Охрана, прикрывая собой потрясенного Дышлова, вывела его через черный ход, и они укатили.
Стрижайло осматривал поле битвы, растерзанные книги с комиксами, осколки фотообъективов, дамские трусики, выпавшую челюсть известного антрополога, который перенес ее к себе из черепа австралопитека. Испытывал ликованье. Великий спектакль удался. Восхитительная подмена совершилась. Честолюбие было посрамлено. Гордыня унижена. Репутация подорвана. Несчастье одного составила счастье многих. Человеческая природа в очередной раз обнаружила свою отвратительную сущность. Демоны, населявшие душу Стрижайло, ликовали вместе с ним. Теперь они являли собой думскую фракцию «Единая Россия». С почтением и подобострастием слушали своего лидера, напоминавшего пучок усохшей мочалки.
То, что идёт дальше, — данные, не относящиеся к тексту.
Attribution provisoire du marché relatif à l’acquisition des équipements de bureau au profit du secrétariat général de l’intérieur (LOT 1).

Тот приоткрывал соратникам план окончательного изгнания коммунистов из Думы.
Предстояла еще одна встреча с Дышловым. Быть может, последняя, на которой Стрижайло продемонстрирует партийному лидеру фильм, составленный по материалам недавних поездок.
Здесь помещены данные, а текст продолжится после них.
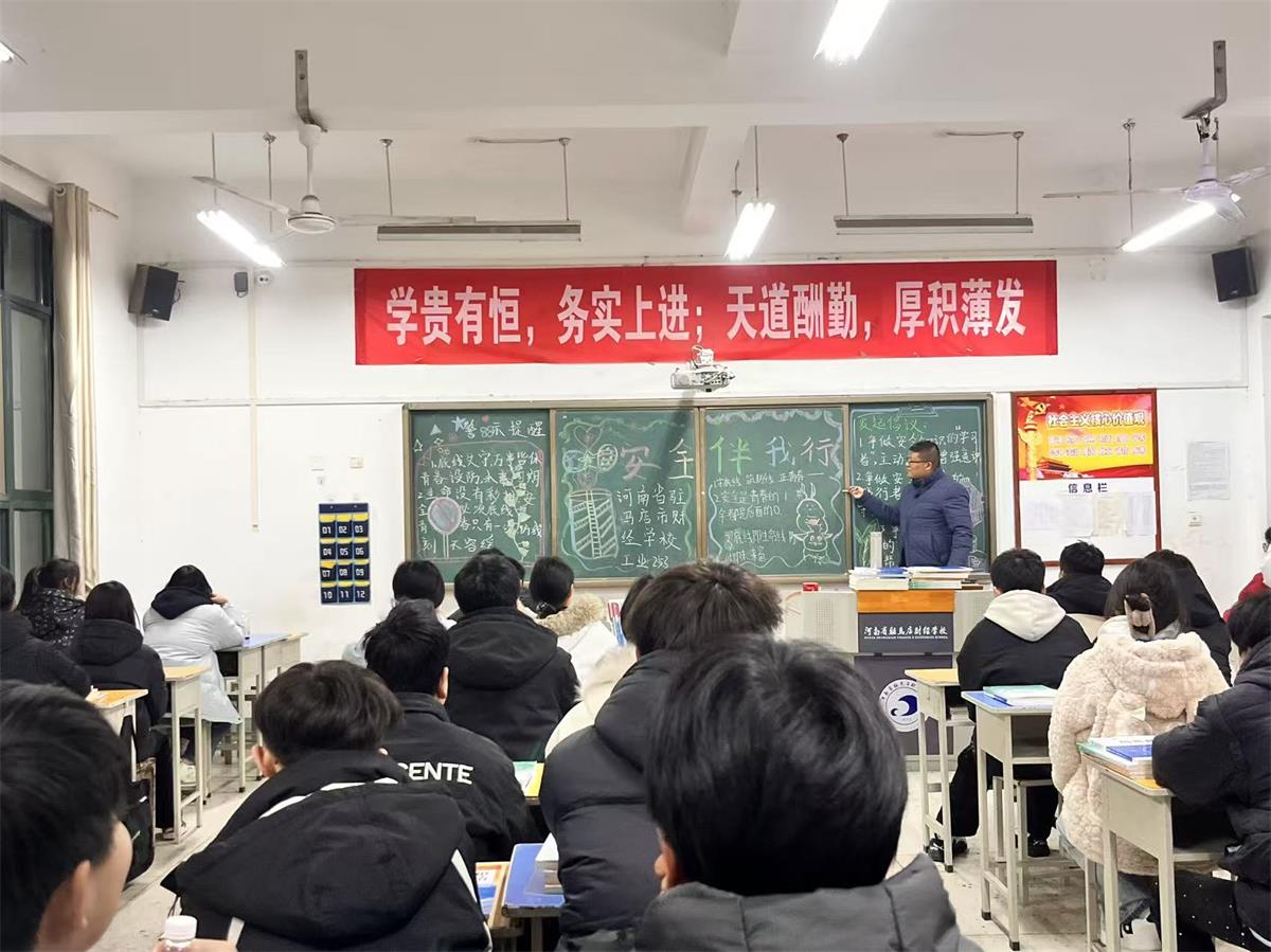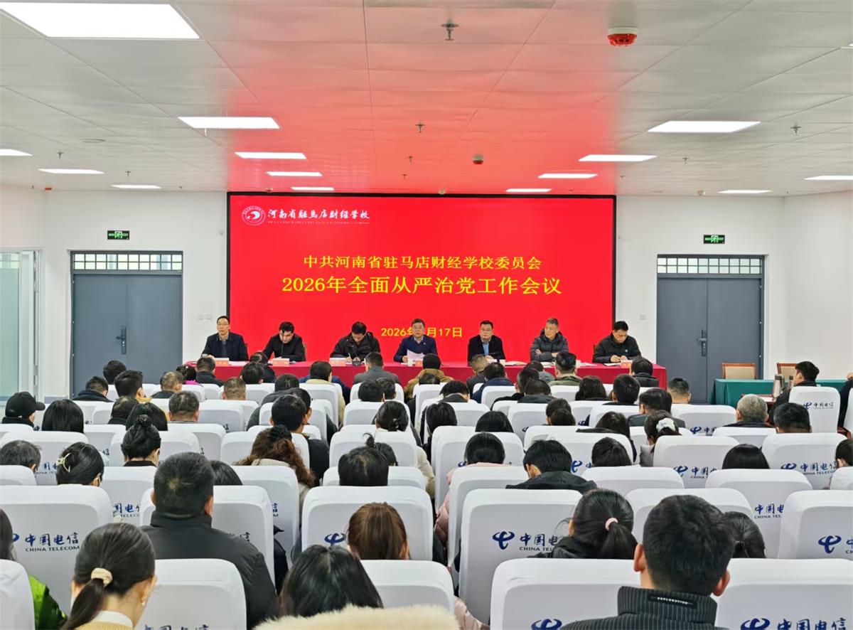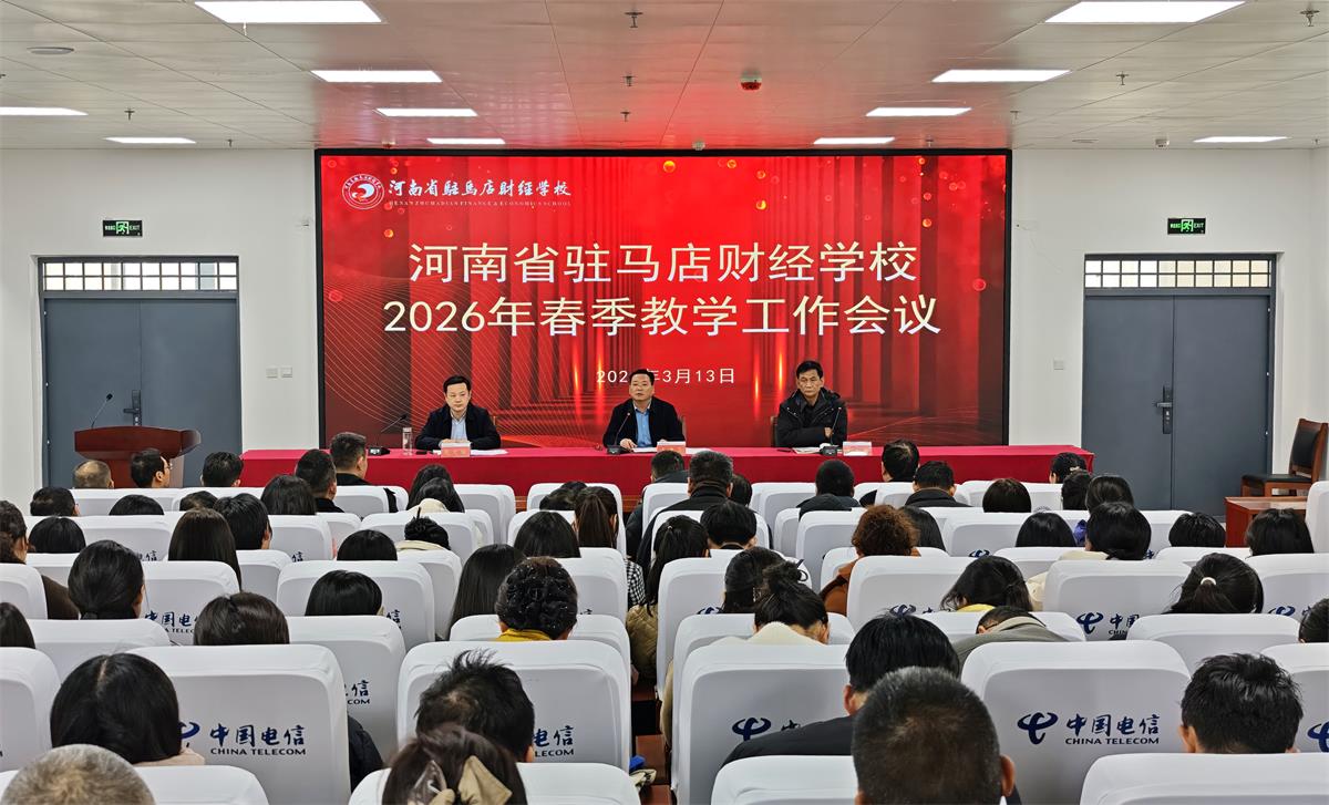 3月13日下午,河南省驻马店财经学校在图书楼一楼西报告厅召开2026年春季教学工作会议。校长于建昌、全体专兼职教师及全体班主任参加会议,会议由副校长周志礼主持。会上,教务处负责人花文俊针对本学期教学工

Представление, им задуманное, предполагало великолепную интригу, демоническую игру, психологический экстаз, после которого общение с Дышловым казалось невозможным. Оно было ненужным, ибо план, разработанный Стрижайло, уже осуществлялся помимо его собственной воли. Как самоходный комбайн, захватывал в мотовило все новые и новые колосья, выстригал ниву, оставляя от престижа компартии срезанную стерню. Предвкушая наслаждение, готовясь пережить катарсис, как во время слушания «Кончерто Гроссо» Генделя, он повез кассету с видеофильмом на дачу к Дышлову.
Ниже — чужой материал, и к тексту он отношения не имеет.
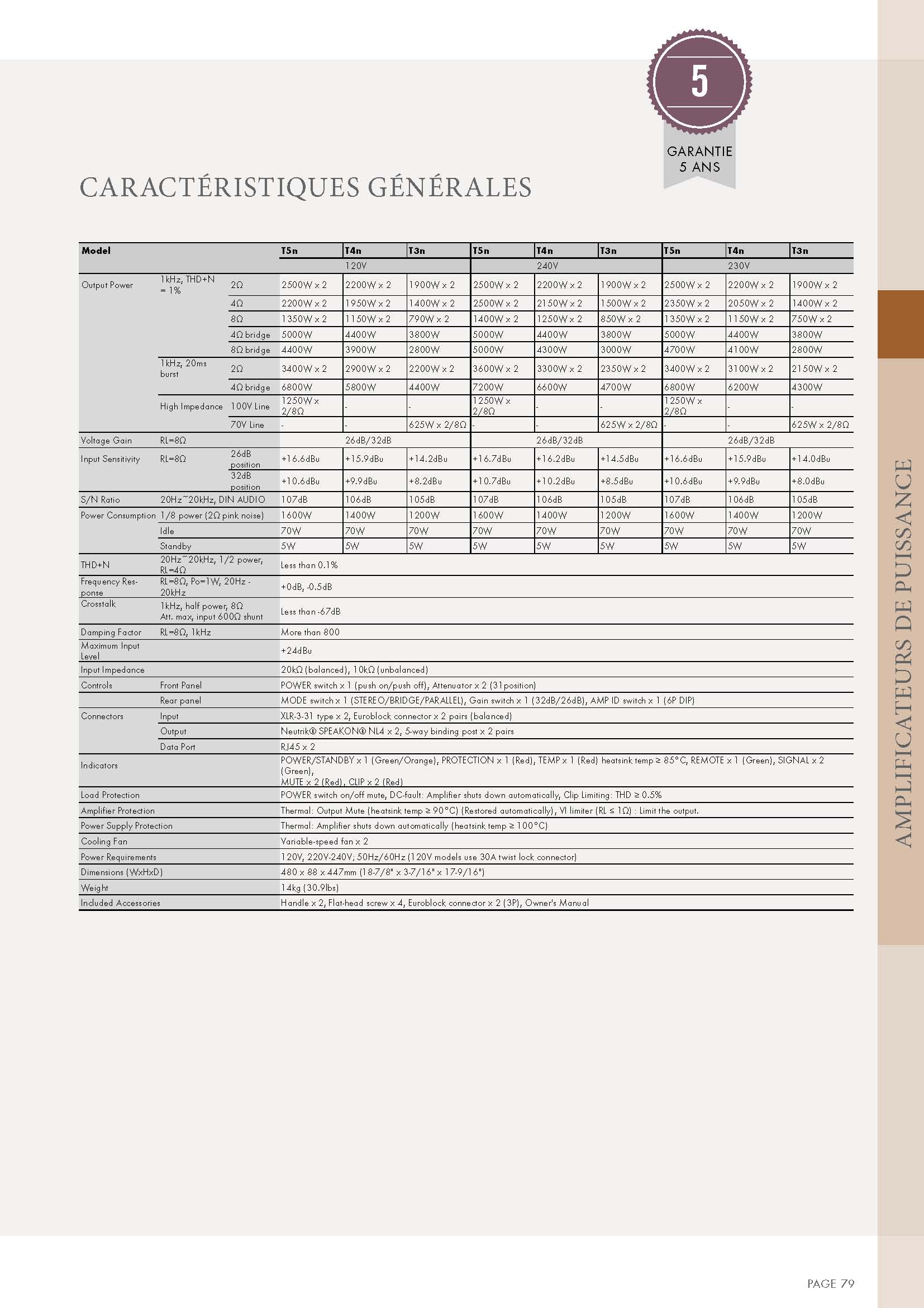 Les amplificateurs de la série Tn ont été conçus pour garantir des performances optimales, même dans des conditions de tournée éprouvantes, tout en offrant une qualité sonore digne d'un modèle haut de gamme , avec une puissance de 2 500 watts en sortie (T5n, stereo@ 2 ohms).

Дом, перед которым он оказался, как и в первый раз, напомнил ему средневековый терем из множества пристроек, прирубов, крылечек, переходов и галерей. В этом деревянном коробе собралась вся, переехавшая из Козявина родня, наполнявшая дом и весь окрестный участок звуками крестьянских работ. Слышал скрип тележных колес, удары цепов на току, щелканье пастушьего бича, стук мельничных жерновов. Родственники Дышлова, — братья, племянники, дядья, кумовья, зятья, сваты, невестки, тетки, снохи, золовки, — натолкались в тесную зальцу, где стоял большой телевизор «Панасоник» и видеомагнитофон. Часть родни поместилась на лавках, другая застенчиво теснилась по углам, оставив на время свои сенокосы, рубку поленьев, изготовление пряжи, засолку капусты, квашение яблок, стрижку овец, оскопление жеребцов, вязанье чулок, отбеливание холстов, дойку коров, а так же игры в догонялки, салочки, лапту, городки и горелки. Последним в зальцу вошел Дышлов, ведя под руки свою престарелую, синеглазую матушку, едва переставлявшую немощные ноги. Усадил перед телевизором в удобное креслице, и она радостно и наивно улыбнулась Стрижайло, благодарная за участие в судьбе любимого сына. Седая, прозрачная, была похожа на пепельный одуванчик с нежной голубой сердцевиной.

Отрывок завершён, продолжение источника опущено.